General Administrative Recharge (GAR): A percentage rate charged to auxiliary and self-funded funds (20, 26, 28, 29) and their renewal and replacement plant fund (78) and to agency funds (80). GAR is calculated monthly on expenditures and paid to the general fund in recognition of the general fund administrative expenses incurred in support of the auxiliary and self-funded activities. This is a cost allocation methodology to recognize that the general fund incurs general administrative costs such as accounting, payroll, employment, purchasing, accounts payable, etc. in support of the auxiliary and self-funded activities. The general fund credit is to institutional support.
General Infrastructure Recharge (GIR): A percentage rate charged to auxiliary and self-funded funds (20, 26, 28, 29) and their renewal and replacement plant fund (78). GIR is calculated monthly on expenditures and paid to the general fund in recognition of the general fund administrative expenses incurred in support of the auxiliary and self-funded activities. This is a cost allocation methodology to recognize that the general fund incurs infrastructure expenses such as grounds maintenance, roads, sidewalks, etc. in support of the auxiliary and self-funded activities. The general fund credit is to operations and maintenance of plant. (1/06)
ISCs are established to provide goods and services to other University units, resulting in these units being charged an expense within their FOPPS. These are usually set up because of the efficiency or convenience of providing the services on campus rather than having to always use an outside vendor. Examples of ISCs are Copying and Printing, Mailing Services, Transportation Services, Chemistry Stores, and Telecommunication Services. ISCs will record all costs incurred to provide the goods/services such as cost of goods sold (inventory sold), salaries, wages, benefits, operating expense, travel, depreciation on equipment, etc.
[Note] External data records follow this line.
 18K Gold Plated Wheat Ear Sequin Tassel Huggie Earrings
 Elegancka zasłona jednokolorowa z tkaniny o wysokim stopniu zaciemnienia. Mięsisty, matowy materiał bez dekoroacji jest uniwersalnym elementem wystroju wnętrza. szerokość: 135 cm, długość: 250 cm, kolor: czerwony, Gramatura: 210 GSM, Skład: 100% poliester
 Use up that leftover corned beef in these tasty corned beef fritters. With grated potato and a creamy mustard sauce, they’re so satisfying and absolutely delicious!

Interdepartmental revenue is recorded upon providing the goods/services to campus customers, including sales via the Procurement Card. Miscellaneous revenue is recorded for sales to private individuals and outside businesses including all agency fund (fund 80) sales.
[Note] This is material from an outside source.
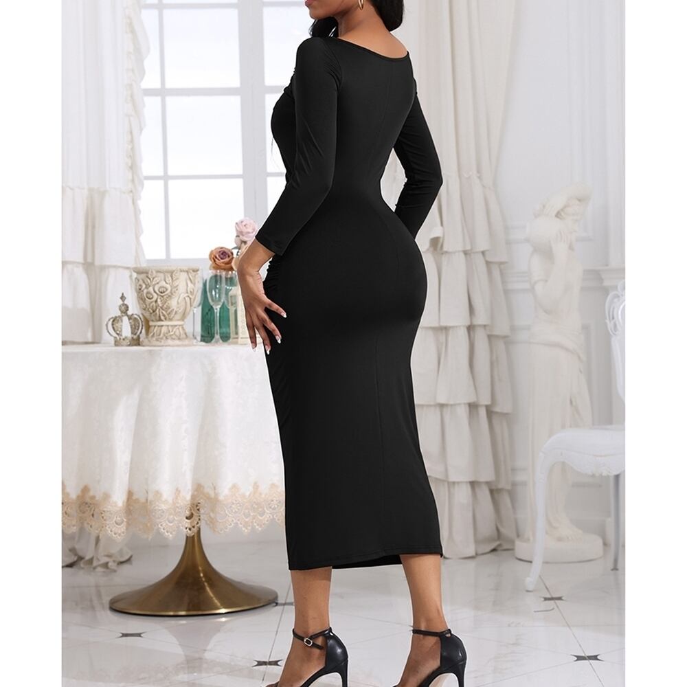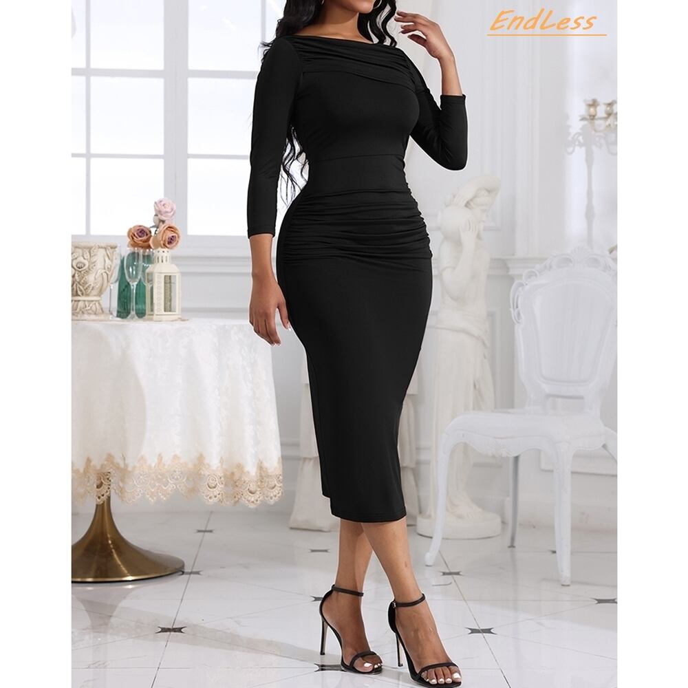 【S~XL】 長袖 プリーツ ワンステップスカート ドレス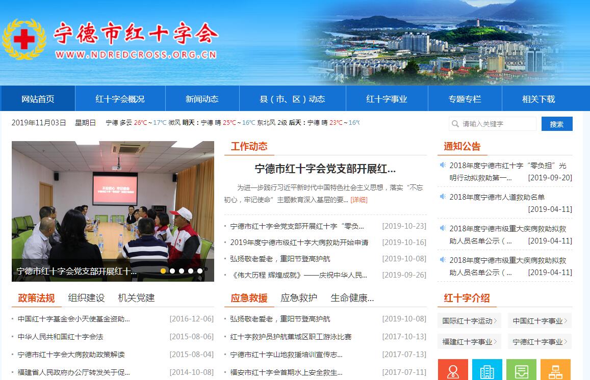 红十字会是世界三大国际组织之一(联合国、奥委会、红十字会)。宁德市红十字会是中国红十字会的地市级地方分会,也称中国红十字会宁德市分会。宁德市红十字会以发扬人道、博爱、奉献精神,保护人的生命和健康,促进人类和平进步事业为宗旨。1993年全国人大常委会颁布了《中华人民共和国红十字会法》,明确红十字会是从事人道主义工作的社会救助团体,也是目前唯一本身有立法的社会公益组织。宁德市红十字会1987年6月正式成立,至1989年全市县级以上行政区域全部建立地方分会。2004年省人大颁布了《福建省红十字会条例》,明确各级红十字会要配备专职工作人员,独立自主开展工作。2009年8月,市红十字会正式独立运行,行政级别由正科级升格为副处级。2003年6月,召开了第一次全市会员代表大会,选举产生了新一届理事会,现任会长由市政府黄建龙副市长担任。全市现有红十字基层组织118个,团体会员单位159个,红十字会员19781名,其中青少年会员11525名,红十字志愿者491名。红十字会在战争时期,主要是依照日内瓦公约及其附加议定书的有关规定开展战伤救护等工作;在和平时期,主要依法担负着备灾救灾、初级卫生救护、青少年活动、国际人道主义救援、志愿服务和政府委托事宜,以及开展国际和台港澳地区人道交流合作等职责。开展的具体工作和活动,概括起来主要是四个“三”:一是开展“三救”,即动员社会力量参与灾害救援、大力开展应急救护知识普及、积极开展人道救助活动;二是组织“三献”,即募无偿献血、造血干细胞捐献、遗体和人体器官捐献;三是工作“三个重点”,即农村与城市社区、医疗机构、学校与青少年;四是经常开展“三个活动”,即志愿服务行动、公益传播活动、两岸交流互动。多年来,特别是《中华人民共和国红十字会法》和《福建省红十字会条例》颁布施行后,在市委的关心、市政府领导联系和省红十字会的指导下,在国内外红十字组织和社会各界的大力支持下,宁德市红十字会大力弘扬“人道、博爱、奉献”的红十字精神,坚持以改善最易受损害群体的境况为目标,不断拓宽人道服务领域,红十字各项事业取得长足发展。各县红十字会体制全部理顺;总投资590万元集备灾仓库、管理办公、救护培训、志愿服务等功能于一体的宁德市红十字会备灾救灾中心于2013年9月投入使用;2006年开始实现了全市临床用血100%来自无偿献血;在人道救助方面,仅2011-2013年我市各级红十字会大力开展福建省红十字大病救助项目共争取救助资金4900多万元,受益群众达4404个家庭;2008年1月以来,“莫拉克”强台风、西南旱灾、青海玉树地震、闽西北洪灾、云南鲁甸地震等灾害发生后,我市红十字会均积极响应党和政府的号召,迅速开展市内外灾害救援,共接收社会捐赠款物2700多万元,发放救灾、救助款物1700多万元,其余均上缴上级红十字转汇灾区。市红十字会先后被省卫生厅、省红十字会、省军区后勤部评为“2008~2009年度全省无偿献血先进市”;被省卫生厅、红十字会授予“救两条生命还一家幸福”生命救助行动组织奖等。红十字会已经成为深受人民群众欢迎的爱心公益平台,成为人道领域党和政府的的得力助手。

ISC expense and IN revenue is not recorded only when the ISC is facilitating for a departmental customer the purchase of goods/services the ISC does not offer. A good example of this is in the Transportation Center (TC). There are some repairs that are beyond the scope of the TC. However, to provide good service to a campus customer, the TC will offer to facilitate procurement of the service from an outside repair shop. In this situation the TC can choose to record the expense and IN revenue as activity of the TC in the usual manner, or it can choose to record the expense as a pass through of the TC and have it recorded only as an expense of the customer department. If the TC chooses to show this as a pass through expense, the ideal situation would be to record the expense directly in the departmental customer FOPPS, and not show it going through the TC records. If the TC were doing this for an outside customer, then the TC would always show an expense of the TC and miscellaneous revenue. It is improper accounting to credit the payment from the outside vendor as a credit to the TC expense.